In search of greater stability and opportunities, many Nigerians continue to migrate to countries like the United States and the United Kingdom.
While these moves are usually seen as a brain drain, especially given the country’s current challenges, Nigerians abroad still remain deeply connected to home, contributing to the country’s economy through remittances.
According to the Central Bank of Nigeria‘s Balance of Payments (BOP) report, personal remittances surged to $20.93 billion in 2024, with International Money Transfer Operators (IMTOs) accounting for $4.73 billion of this total.
This represents a 43.5% increase in IMTO inflows from $3.30 billion in 2023, while overall personal remittances grew by 8.9% year-on-year.
Remittances—comprising both cash and non-cash transfers—flow into Nigeria through formal channels such as electronic transfers, as well as informal means like hand-carried cash or goods.
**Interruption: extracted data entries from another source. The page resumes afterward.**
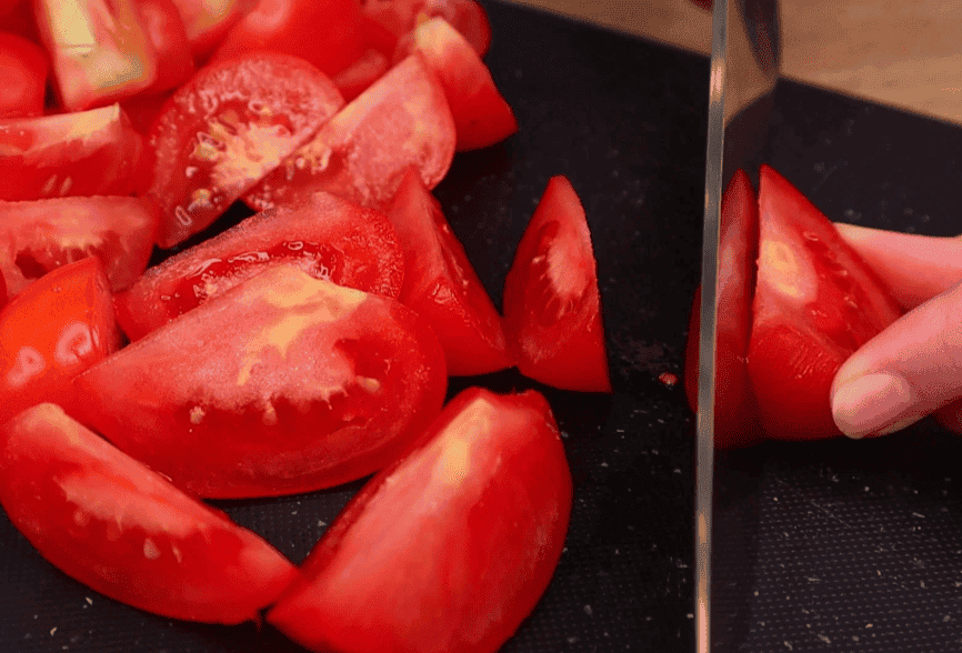 Помідори наріжемо часточками в залежності від їх розміру.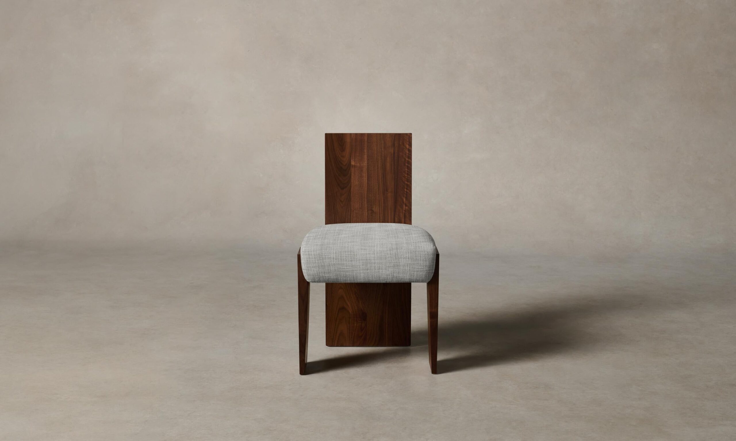 Strong and sophisticated in form, the Garrett dining chair stands on monolithic legs that underscore the beauty of solid walnut or white oak. Its seat is masterfully tailored for a clean finish.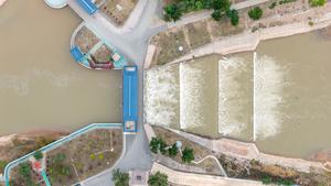 (251016) — BAYANNUR, 16 octubre, 2025 (Xinhua) — Vista aérea tomada con un dron el 16 de octubre de 2025 de un centro de desviación de agua, en el distrito de Linhe de Bayannur, en la región autónoma de Mongolia Interior, en el norte de China. La Zona de Riego de Hetao, ubicada en Bayannur, ha desviado agua del río Amarillo para riego desde la dinastía Qin (221 a. C.-207 a. C.). Se está implementando un riego estacional en la zona para preservar la humedad del suelo para la agricultura de primavera del próximo año. (Xinhua/Ma Jinrui) (da) (ra) (vf)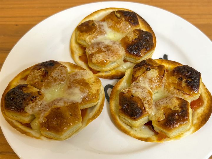 6.わあ!おいしそうなピザが焼き上がりました!チーズが溶けて、餃子の皮の周りが薄茶色になったらOKです。

These funds, typically sent to family, friends, or for business purposes, are essential in supporting livelihoods and driving economic activity across the country.
Beyond personal use, diaspora remittances are also a vital source of foreign exchange, boosting Nigeria’s external reserves, which rose by $6.8 billion to $40.19 billion.
These reserves are used to fund investments, finance education, service debt, and promote overall economic growth.
Nigerians in the diaspora also play a role in grassroots development by funding community projects—such as schools, healthcare centres, and clean water facilities—particularly in underserved local areas.
Many also invest in small and medium-scale enterprises (SMEs) back home, enabling job creation and contributing to poverty reduction.
Though emigration is usually viewed as a consequence of Nigeria’s internal struggles, the financial inflows from abroad are proving to be a valuable economic lifeline—showing that the Nigerian diaspora remains a strong advantage for national development.